Molly had called it stupid. If you didn’t have the cash, you didn’t need the buy.

Molly certainly didn’t need the dress, yet she’d gone ahead and bought it anyway. Perhaps with thoughts of seeing the look on Alan’s face when she wore it.

She sighed and slid from the bed. What was she talking about? She wasn’t interested in the burned-out detective. She was the girl next door; he had a dark, edgy side. He appeared to have little ambition beyond what he was going to eat that day; she had a list of fifty things she hoped to accomplish before she was thirty and was aware of that list at all times. She put attraction and physical chemistry on the back burner; he put it out there for anyone to see, no matter the consequences.

Molly swallowed thickly. That was what she was really responding to, wasn’t it? The fundamental call of attraction. It had been there in his eyes as he’d sat across from her. No need for words, for his movements and expressions spoke for him.

She absently tidied up the room. She wasn’t used to that. That…knowing. More often than not she was genuinely surprised to find a man interested in her. Oh, not so much because she didn’t think she was attractive. But because in the Midwest, men—people in general, really—tended to keep their true emotions in check. Perhaps it was tied into pride. Or maybe she just wasn’t really good at reading emotions because she’d spent so little time contemplating her own.
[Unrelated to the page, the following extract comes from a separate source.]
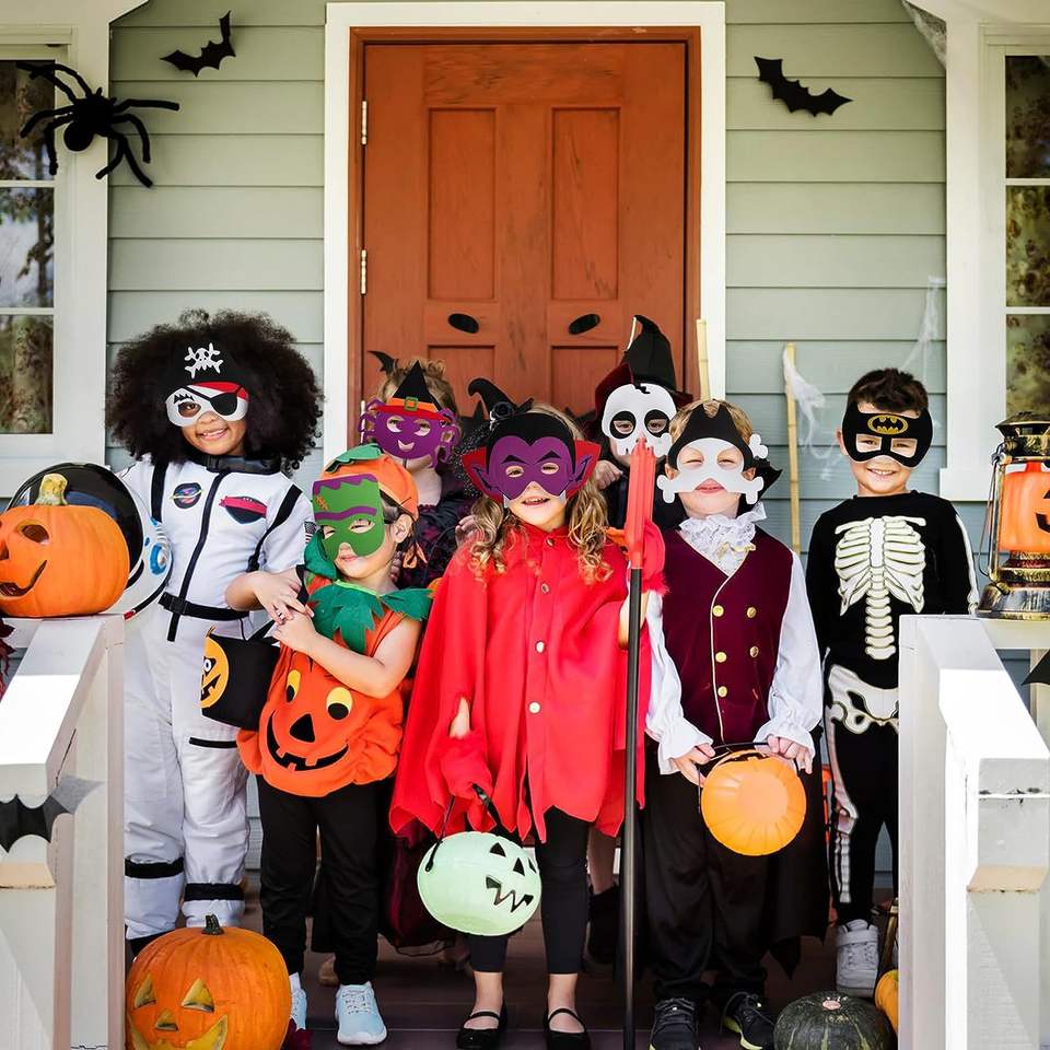 Gran oferta, suministros para fiestas de Halloween, surtido de diferentes diseños personalizados, máscaras de fieltro ecológicas de calidad superior para adultos y niños

But today had shown her that she didn’t need a degree in sociology and human behavior to know Alan Chevalier had been attracted to her.

Or that she had been just as attracted to him.

What remained was whether or not she acted on it. Because another thing Alan had made plainly clear was that she held all the cards. It was up to her to ante up or to fold and walk away from the table. He would not force her hand. Would not sandbag or bluff or try anything underhanded to get her to do what he wanted.

No. In his case, what you saw was what you got.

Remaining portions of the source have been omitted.